Ways of the World Chapter 5

Society and the State in China

  • Chinese society was uniquely shaped by state actions and the prestige of state officials.

  • For over 2,000 years, officials and bureaucrats represented the cultural and social elite of Chinese civilization.

  • Confucius advocated for selecting officials based on merit and morality, not birth or wealth.

  • Around 200 B.C.E., the Han dynasty required provinces to send promising men to the capital for official positions.

An Elite Class of Officials

  • The system evolved into the world's first professional civil service.

  • In 124 B.C.E., Emperor Wudi established an imperial academy to train potential officials in history, literature, art, mathematics, and Confucian teachings.

  • The academy enrolled 30,000 students who underwent written examinations to select officials.

  • The system favored the wealthy due to the cost of education and family connections, but social mobility was possible for bright commoners.

  • Po Chu-I's poem "After Passing the Examination" illustrates the fame and fortune awaiting successful students.

  • Officials were privileged, with robes, ribbons, seals, headdresses, polished speech, cultural sophistication, and political authority.

  • They experienced tension between official duties and personal inclinations towards a reflective cultural life.

Describing Social Structure

  • The social hierarchy of China during the second-wave era can be described by its elite officials and the landed aristocracy.

The Landlord Class

  • Most officials came from wealthy families, wealth meant land ownership.

  • By the first century B.C.E., population growth, taxation, and indebtedness led to a class of large landowners.

  • Land accumulation in sizable estates was a persistent theme in Chinese history, opposed by state authorities.

  • Landlords avoided paying taxes and raised military forces, challenging the emperor's authority.
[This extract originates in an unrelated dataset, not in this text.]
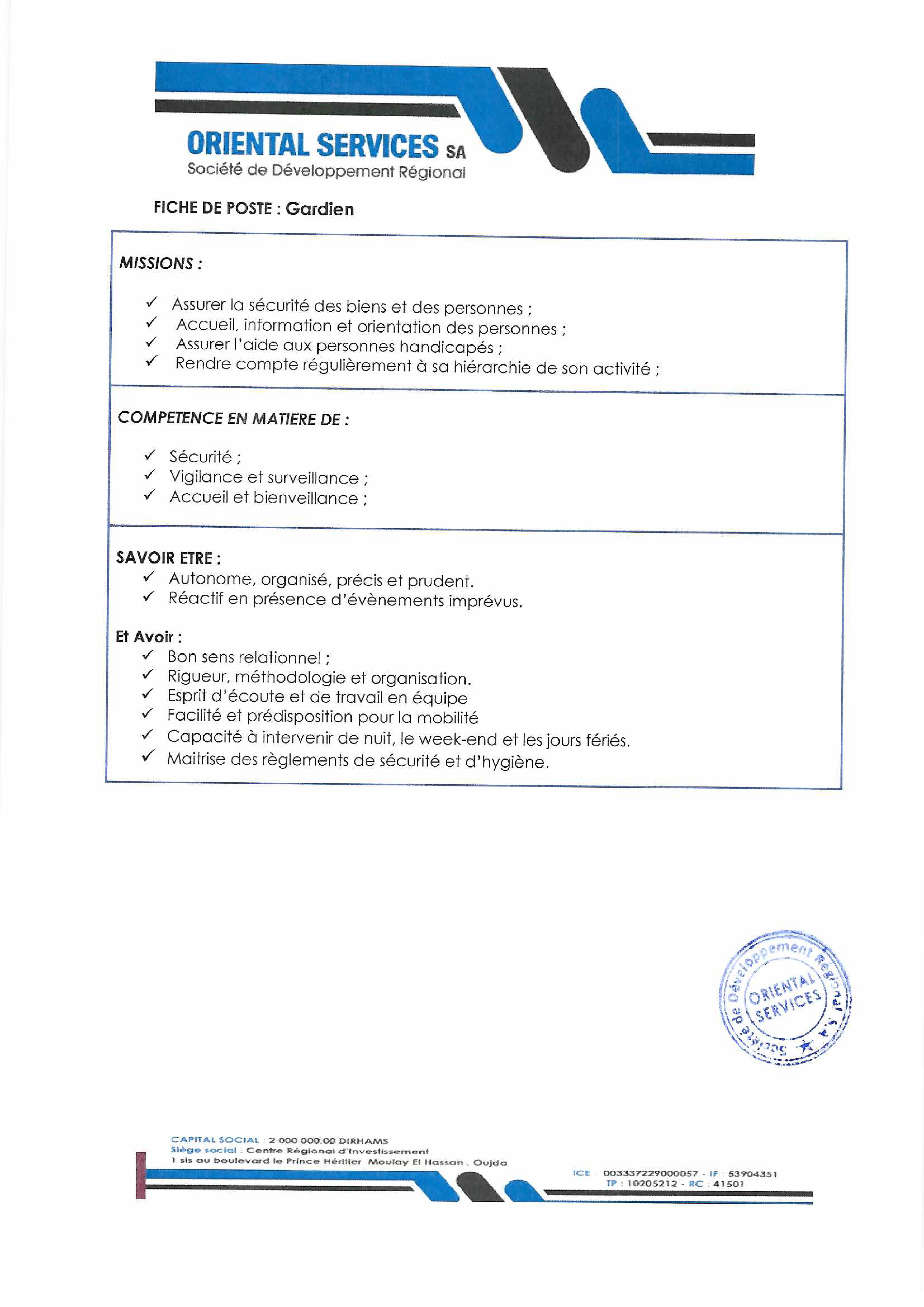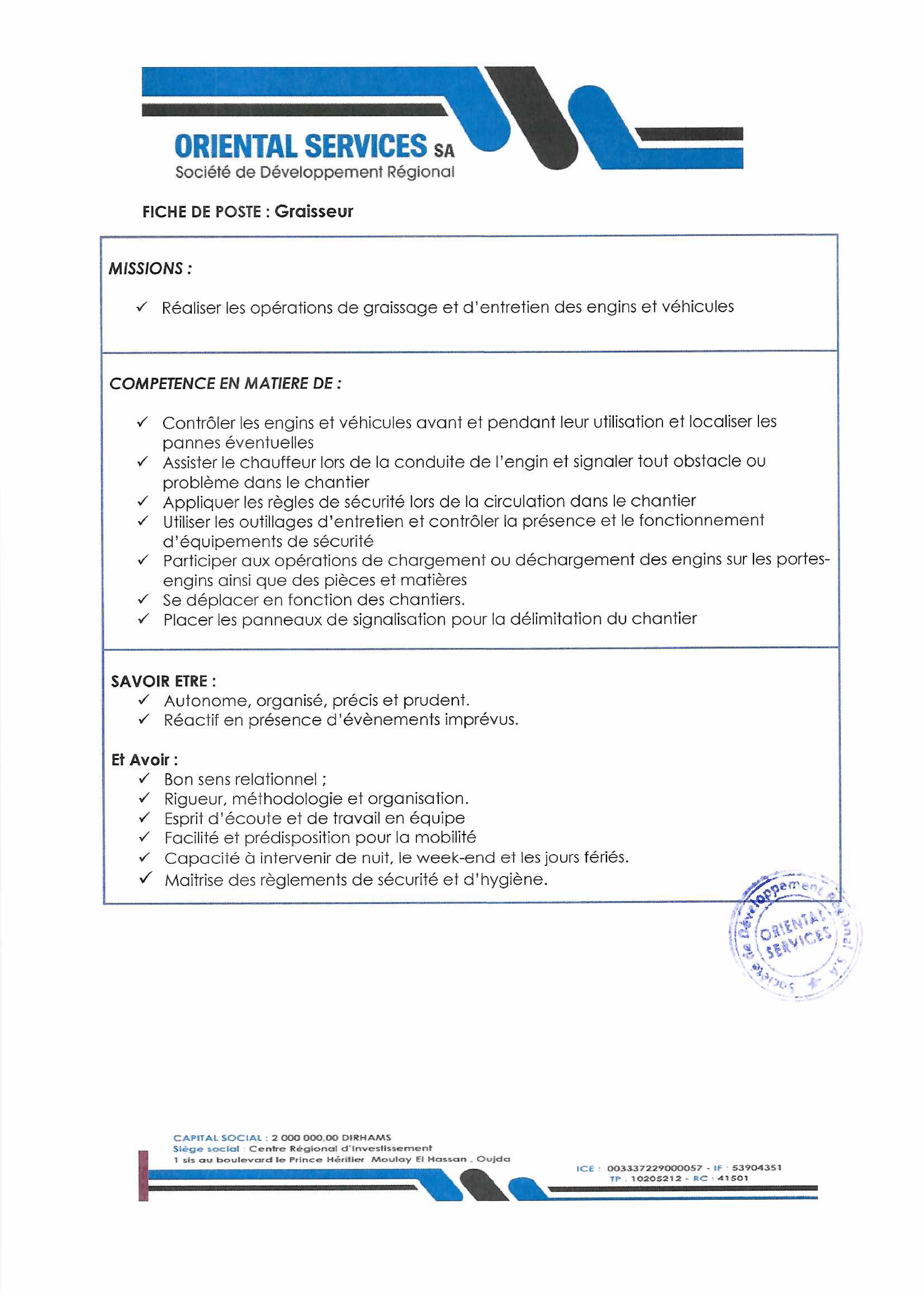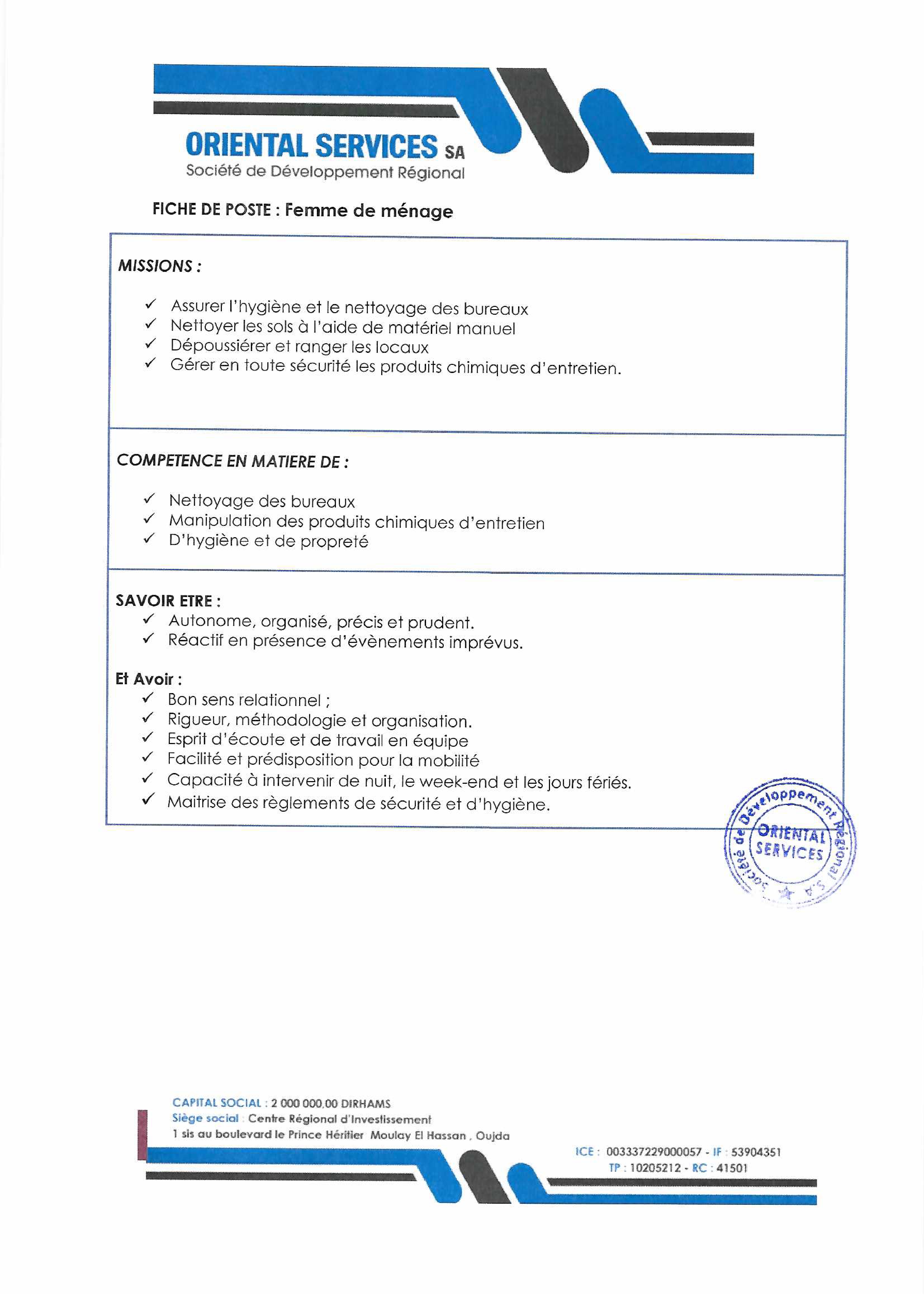 Concours de recrutement à la Société de Développement Régional “Oriental Services” au titre de l’année 2026.

  • Wang Mang launched reforms to counteract the power of large landowners, nationalizing and dividing estates.

  • His reforms included government loans to peasant families, limits on land ownership, and an end to private slavery.

  • Opposition and natural disasters led to the collapse of Wang Mang's reforms and his assassination in 23 C.E.

Central Feature

  • Large landowning families remained a central feature of Chinese society.

  • The term "scholar-gentry" reflected their education and membership in the official elite.

  • The scholar-gentry class lived luxuriously in urban and rural areas.

Peasants

  • The vast majority of China's population consisted of peasants living in small households.

  • Some peasants owned enough land to support their families, while many others barely survived.

  • Nature, the state, and landlords made the life of most peasants extremely vulnerable.

  • State authorities required taxes, labor, and conscription for military service.

  • Many desperate peasants had to sell out to large landlords or become sharecroppers.

Analyzing Class

  • Class conflicts disrupted Chinese society, such as peasant rebellions.

  • Li Shen's eighth-century poem reflects on the hardships of peasant life.

  • Periodic peasant rebellions punctuated Chinese history.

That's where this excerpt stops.